Beginning with the line below that contains "2023.03.13 量化交" and ending with the line that contains "- Plan de acción", retype every line exactly. Pictures are not copied.

[Records provided]

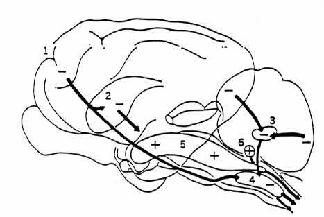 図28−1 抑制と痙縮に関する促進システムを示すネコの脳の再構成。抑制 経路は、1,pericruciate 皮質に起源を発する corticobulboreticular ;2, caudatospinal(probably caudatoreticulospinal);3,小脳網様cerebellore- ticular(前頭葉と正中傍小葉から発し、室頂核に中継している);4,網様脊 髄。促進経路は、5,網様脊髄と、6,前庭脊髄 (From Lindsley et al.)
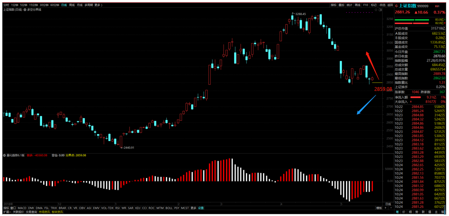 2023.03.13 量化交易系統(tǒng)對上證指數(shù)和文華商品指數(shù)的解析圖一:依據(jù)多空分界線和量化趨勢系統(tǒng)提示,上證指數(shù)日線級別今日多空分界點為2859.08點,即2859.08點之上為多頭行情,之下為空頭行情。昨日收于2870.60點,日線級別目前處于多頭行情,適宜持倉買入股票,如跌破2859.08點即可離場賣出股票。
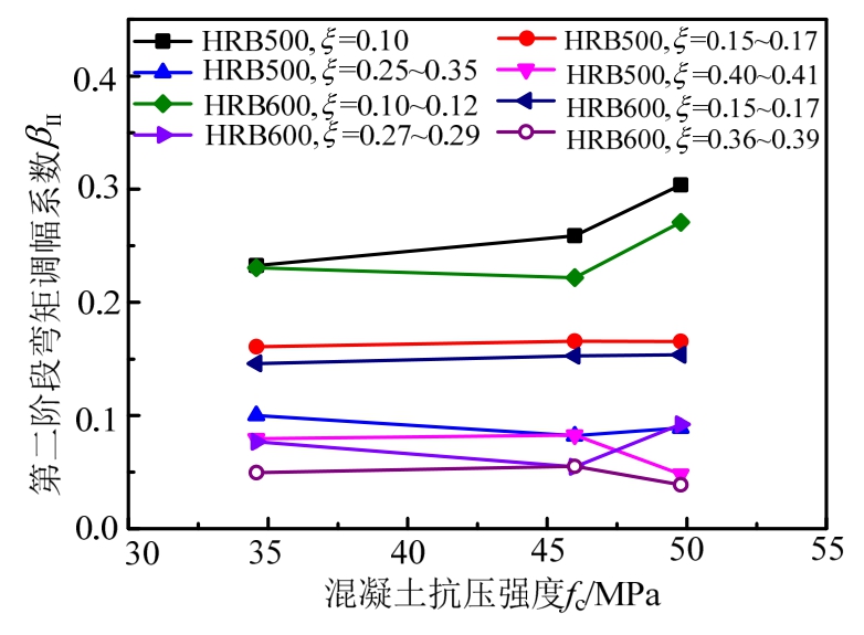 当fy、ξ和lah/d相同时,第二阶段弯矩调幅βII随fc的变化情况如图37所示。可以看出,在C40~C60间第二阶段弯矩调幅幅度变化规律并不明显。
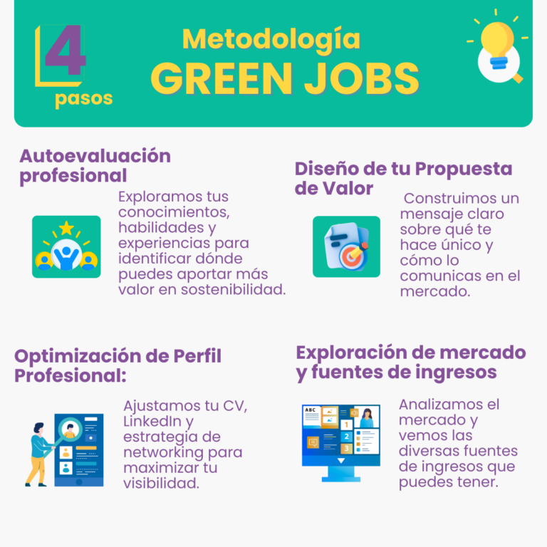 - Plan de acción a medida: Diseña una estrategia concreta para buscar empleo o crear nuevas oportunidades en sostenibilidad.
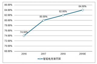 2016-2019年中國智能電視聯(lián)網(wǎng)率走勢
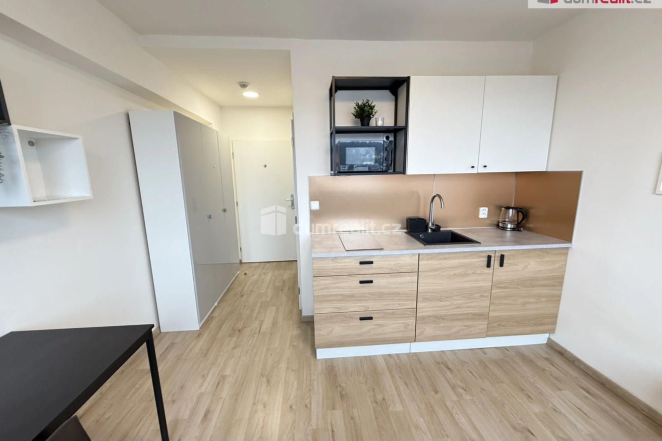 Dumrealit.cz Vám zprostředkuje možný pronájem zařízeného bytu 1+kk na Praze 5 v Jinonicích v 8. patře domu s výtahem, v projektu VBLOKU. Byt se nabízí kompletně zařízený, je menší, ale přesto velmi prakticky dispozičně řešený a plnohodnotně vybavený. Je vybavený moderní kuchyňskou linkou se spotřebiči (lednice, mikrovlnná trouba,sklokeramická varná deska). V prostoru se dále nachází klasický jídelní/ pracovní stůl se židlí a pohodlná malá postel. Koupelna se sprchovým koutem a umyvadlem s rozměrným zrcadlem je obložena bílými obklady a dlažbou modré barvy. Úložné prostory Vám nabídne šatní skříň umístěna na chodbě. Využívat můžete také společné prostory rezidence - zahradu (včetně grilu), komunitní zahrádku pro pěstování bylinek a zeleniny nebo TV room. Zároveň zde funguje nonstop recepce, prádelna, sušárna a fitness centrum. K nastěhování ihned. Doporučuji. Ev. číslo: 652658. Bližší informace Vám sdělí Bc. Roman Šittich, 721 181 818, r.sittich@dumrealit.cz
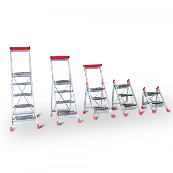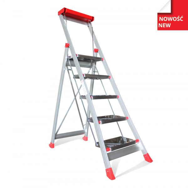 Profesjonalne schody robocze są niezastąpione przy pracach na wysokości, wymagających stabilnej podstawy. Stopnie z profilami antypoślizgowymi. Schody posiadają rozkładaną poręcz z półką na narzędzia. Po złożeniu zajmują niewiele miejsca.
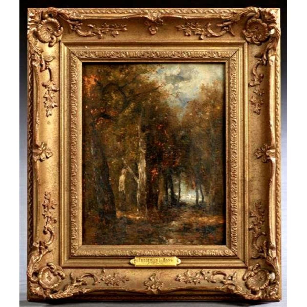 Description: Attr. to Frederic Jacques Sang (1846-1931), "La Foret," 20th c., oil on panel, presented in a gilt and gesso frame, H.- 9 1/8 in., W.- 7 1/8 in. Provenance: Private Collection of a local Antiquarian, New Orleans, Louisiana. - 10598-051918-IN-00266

[/Records provided]
[Records provided]

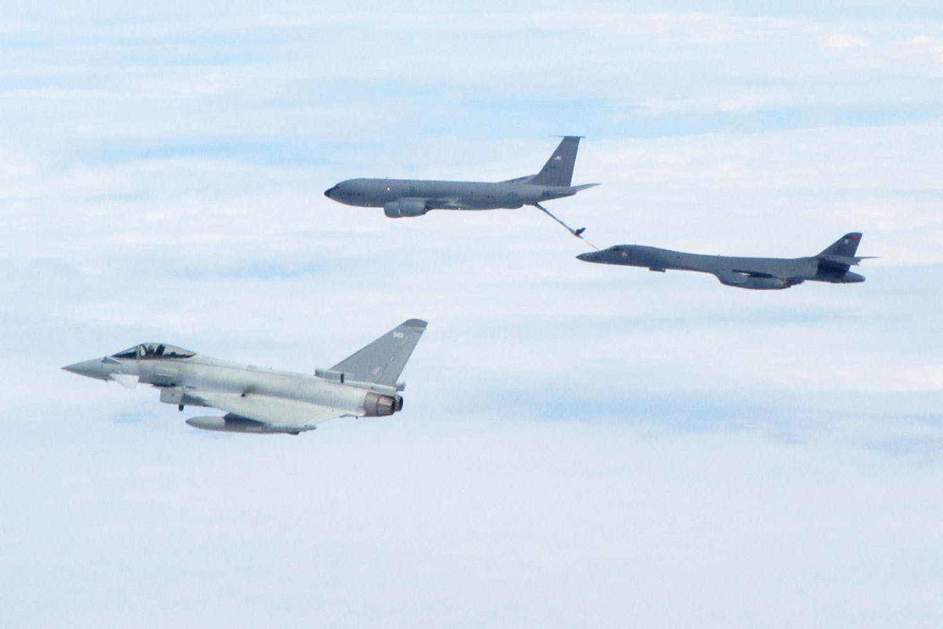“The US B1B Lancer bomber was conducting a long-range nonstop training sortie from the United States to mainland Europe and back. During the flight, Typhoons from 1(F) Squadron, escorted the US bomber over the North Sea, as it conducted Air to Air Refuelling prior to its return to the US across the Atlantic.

[/Records provided]

■ Answer for the task:
 2023.03.13 量化交易系統(tǒng)對上證指數(shù)和文華商品指數(shù)的解析圖一:依據(jù)多空分界線和量化趨勢系統(tǒng)提示,上證指數(shù)日線級別今日多空分界點為2859.08點,即2859.08點之上為多頭行情,之下為空頭行情。昨日收于2870.60點,日線級別目前處于多頭行情,適宜持倉買入股票,如跌破2859.08點即可離場賣出股票。
 当fy、ξ和lah/d相同时,第二阶段弯矩调幅βII随fc的变化情况如图37所示。可以看出,在C40~C60间第二阶段弯矩调幅幅度变化规律并不明显。
 - Plan de acción a medida: Diseña una estrategia concreta para buscar empleo o crear nuevas oportunidades en sostenibilidad.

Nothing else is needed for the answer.